Graeme Fox, an air-conditioning and refrigeration contractor, said: 'During the day when the fridge door is frequently opened there isn't a problem. 

'But at night, when everyone is sleeping and the door remains shut, this leaked highly flammable gas can build up in the fridge cabinet.'

Mother-of-two Kathy Cullingworth, is taking legal advice after her Creda fridge exploded three weeks ago at her home in Normanton, West Yorkshire. The Mail told how it caused more than £10,000 of damage.

An independent engineer confirmed the fridge contained isobutane refrigerant and a leak is suspected. It was the similar fate befell Carline Preece and her family at their home in West Bromwich.

Fortunately Mrs Preece, 44, her husband Michael, 45, and their four children were in bed when the fridge blew at 6 am. 
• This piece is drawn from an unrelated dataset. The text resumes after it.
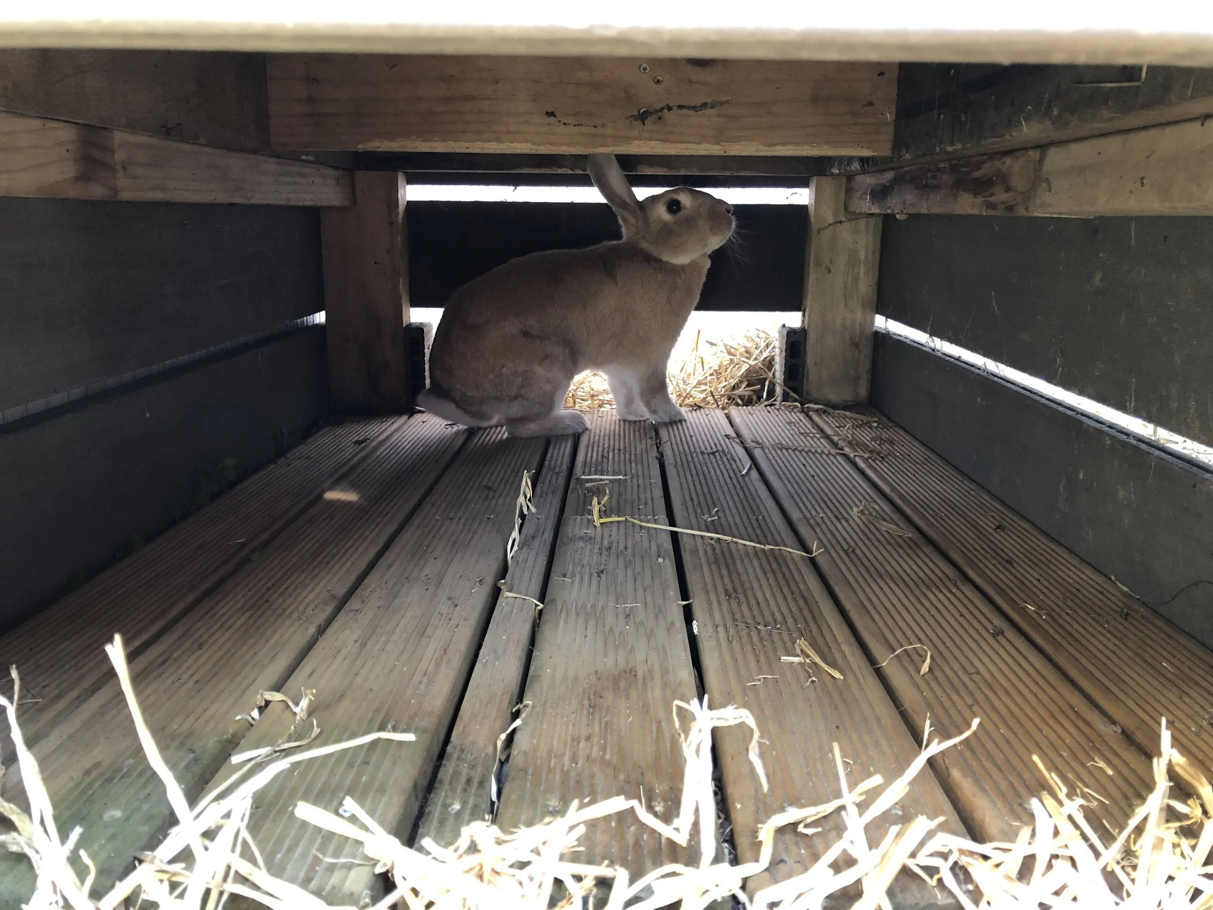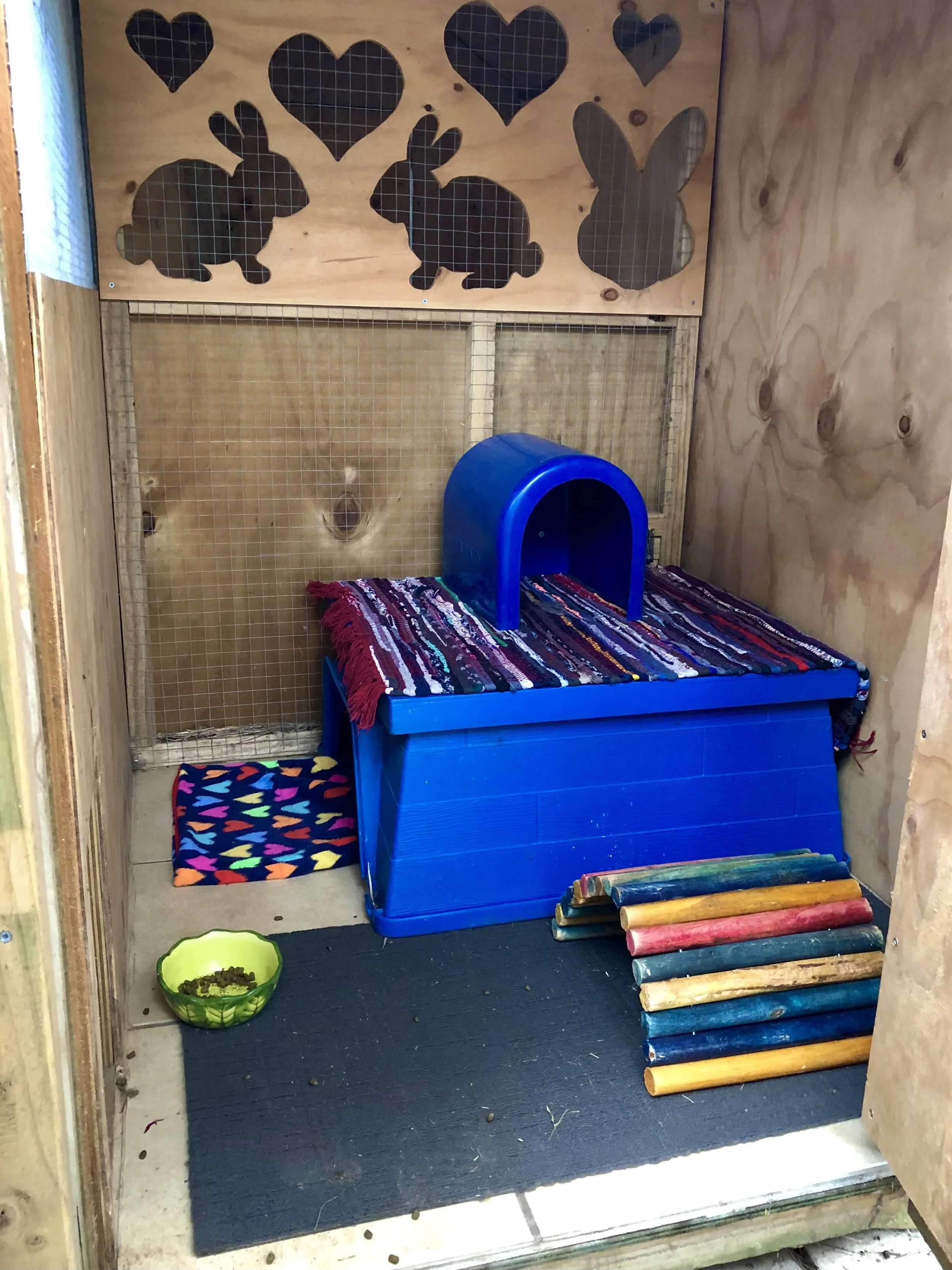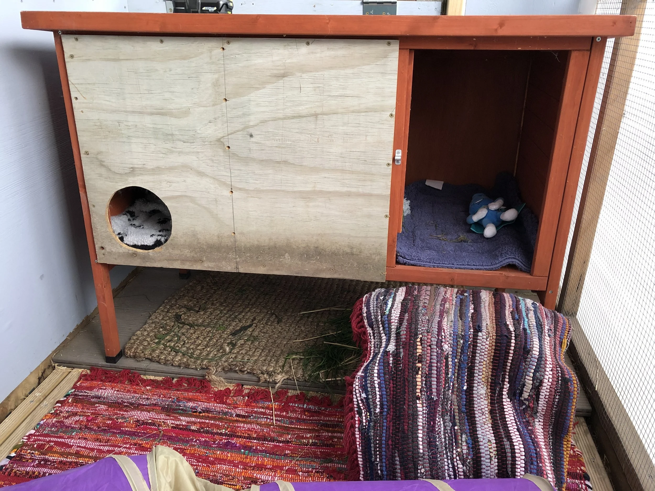 The first alterations that were done was to remove the internal divider, remove the door and replacing the mesh front with a piece of ply with a 2nd door hole cut in it. Although ‘ugly’ this approach proved to be really popular with the rabbits in the rescue. Once I decided to move this hutch to the Cabuna as an enrichment element I further upgraded it significantly.

Mrs Preece thought an earthquake had struck. She said: 'The doors were ripped in half, the front door has a gaping hole in it and all the windows were blown open by the force.'

Jane Gartshore, president of the Institute of Refrigeration, said there is a 'theoretical possibility' that such explosions can be caused by a leak of isobutane.  However,  she stressed that there  are hundreds of millions of these fridges in kitchens and these incidents are very, very rare. However, you don’t want to be next to one when it explodes. The suspense would be awful. It would be like standing next to a time bomb when you don’t know the time it will explode.